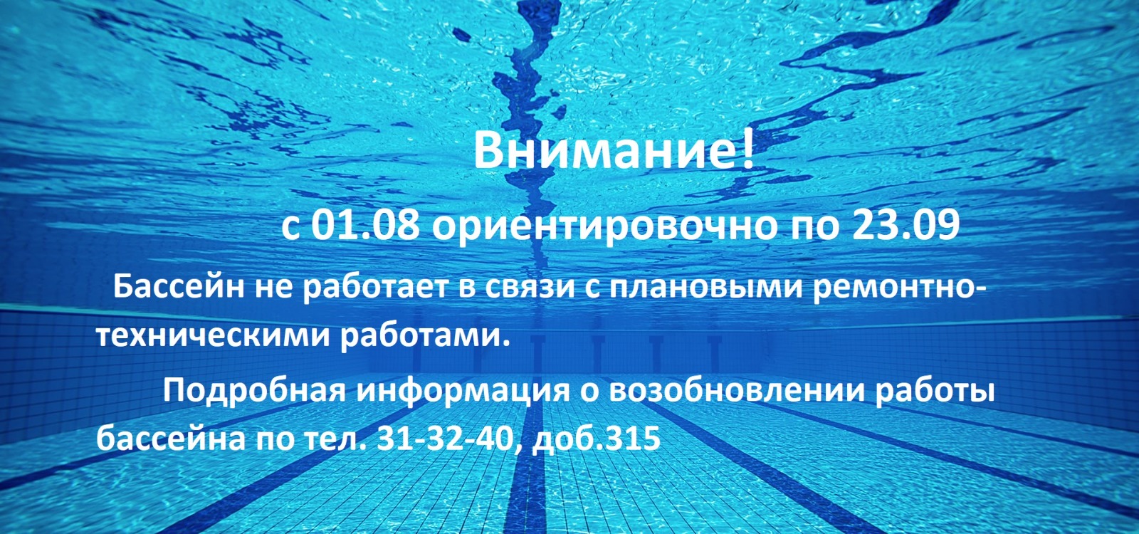 С 1 августа по 23 сентября бассейн не работает
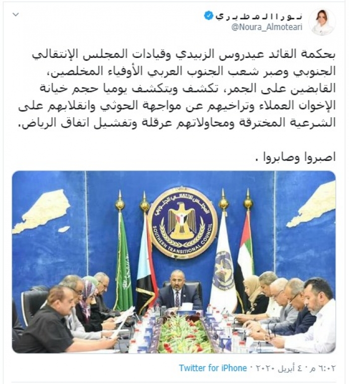وكتبت "المطيري" في تغريدة عبر حسابها بتويتر، رصدها "المشهد العربي" قالت فيها: "بحكمة القائد عيدروس الزبيدي وقيادات المجلس الإنتقالي الجنوبي وصبر شعب الجنوب العربي الأوفياء المخلصين، القابضين على الجمر، تكشف ويتكشف يوميا حجم خيانة الإخوان العملاء وتراخيهم عن مواجهة الحوثي وانقلابهم على الشرعية المخترقة ومحاولاتهم عرقلة وتفشيل اتفاق الرياض".
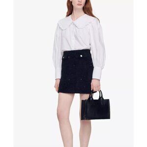 Sandro Alda Ruffle Collar Button-Up Shirt in White
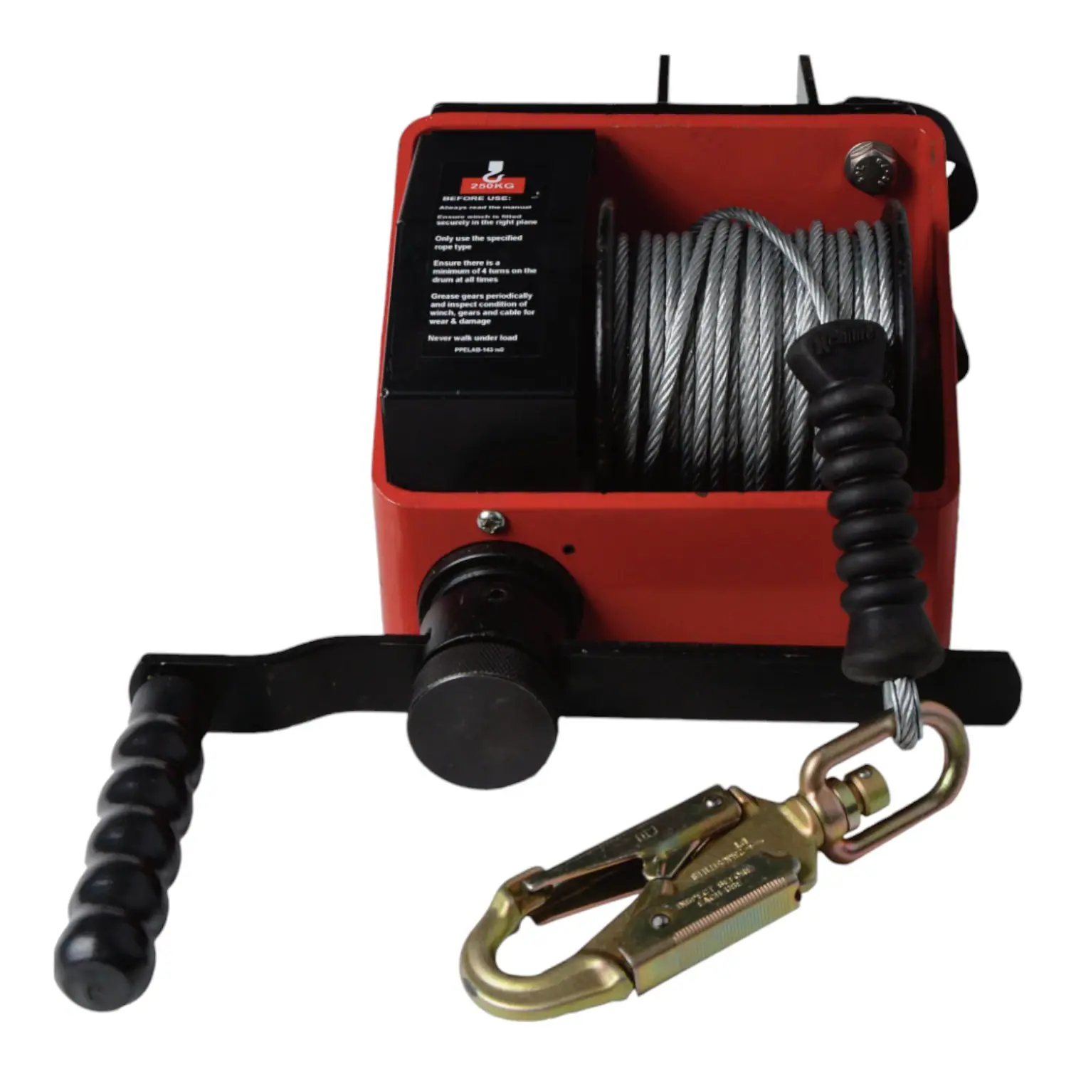The Worm Gear Winch can be used as a primary man-riding winch if used with a suitable backup and rescue device. It can also be used for materials or a combination of both up to 250kg.
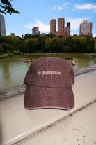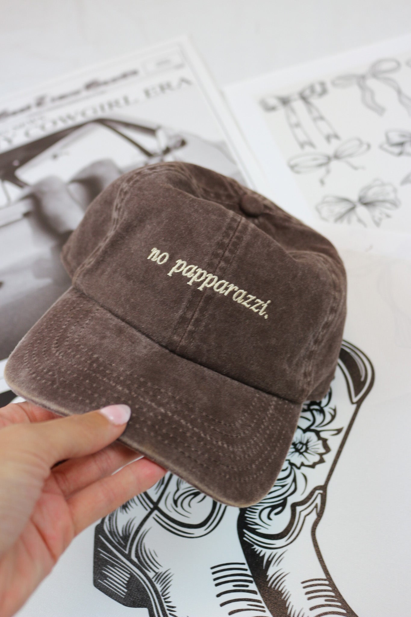Brown washed dad cap - this is going to be a traditional dad cap/baseball cap fit! Low profile, no structure, and sooo giving early 2000's
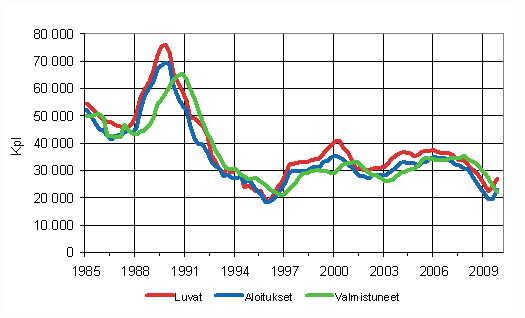 Vuoden 2009 viimeisellä neljänneksellä aloitettujen asuinrakennusten määrät nousivat reilusti plussan puolelle. Asuinrakennuksia aloitettiin lähes 2,7 miljoonan kuution edestä, mikä oli peräti 74 prosenttia enemmän kuin vuotta aiemmin. Hallituksen elvytystoiminnat erityisesti vuokratalojen rakentamiseen ovat mahdollisesti olleet vaikuttamassa aloitusten lisääntyvään määrään. Kerrostalojen aloituskuutiot lähes kolminkertaistuivat viimeisellä neljänneksellä. Tosin vertailussa on muistettava, että vuoden 2008 loppupuolella elettiin laman syvintä vaihetta ja vertailtavat määrät olivat pienimillään.
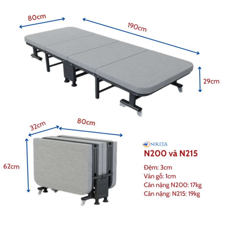 - Kích thước sử dụng N200: 190x80x29cm (Dài x Rộng x Cao)
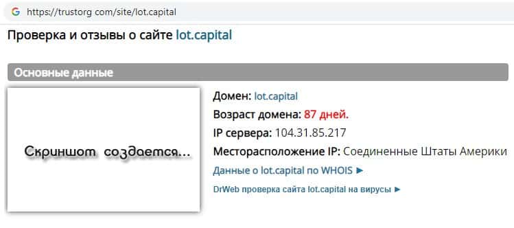Проверка интернет-сервиса обманщиков Lot Capital на trustorg com показала, что возраст домена к моменту написания статьи составляет 87 дней, скорее всего домен купленный.
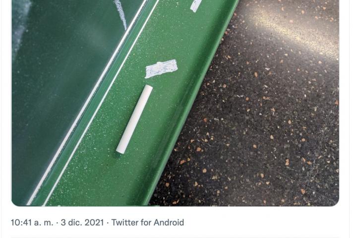 En una imagen que supera con creces los 6.000 ‘me gusta’ se puede ver un trozo de pizarra en el que hay lo que parecen multitud de tizas. Si uno fija un poco la vista ve que algo falla y que no todo son realmente tizas.
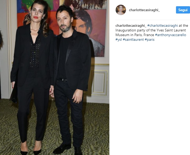 PARIGI – Charlotte Casiraghi total black all’inaugurazione dell’YSL Museum a Parigi. La figlia di Carolina di Monaco, 31 anni, ha scelto un outfit sobrio e allo stesso tempo elegante. D’altra parte la nipote di Grace Kelly è una delle donne più fashion del pianeta. Merito anche della sua bellezza, che ha poco da invidiare alle celebrities del mondo della moda e del cinema. Per l’inaugurazione Charlotte ha indossato un tailleur nero, sotto il quale si intravedeva una camicia trasparente dell stesso colore.
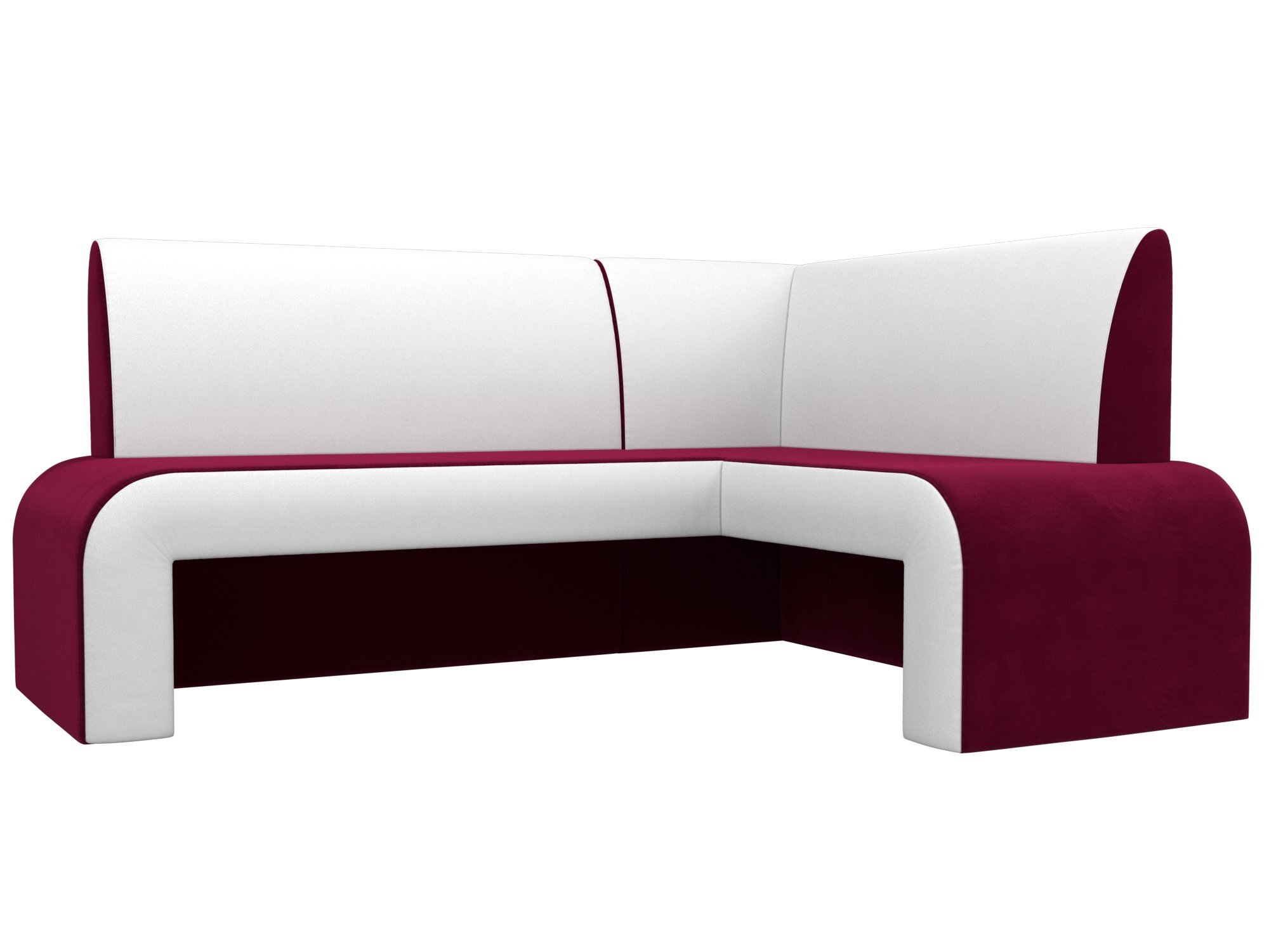 Кухонный угловой диван Кармен Микровельвет\Экокожа Бордовый\Белый

- - - - -

_What this task involves_
Return only the lines running from the top of the data to the line that holds "في تغريدة عبر". Include both of those lines, but skip the pictures.

_Answer for the task_
 С 1 августа по 23 сентября бассейн не работает
وكتبت "المطيري" في تغريدة عبر حسابها بتويتر، رصدها "المشهد العربي" قالت فيها: "بحكمة القائد عيدروس الزبيدي وقيادات المجلس الإنتقالي الجنوبي وصبر شعب الجنوب العربي الأوفياء المخلصين، القابضين على الجمر، تكشف ويتكشف يوميا حجم خيانة الإخوان العملاء وتراخيهم عن مواجهة الحوثي وانقلابهم على الشرعية المخترقة ومحاولاتهم عرقلة وتفشيل اتفاق الرياض".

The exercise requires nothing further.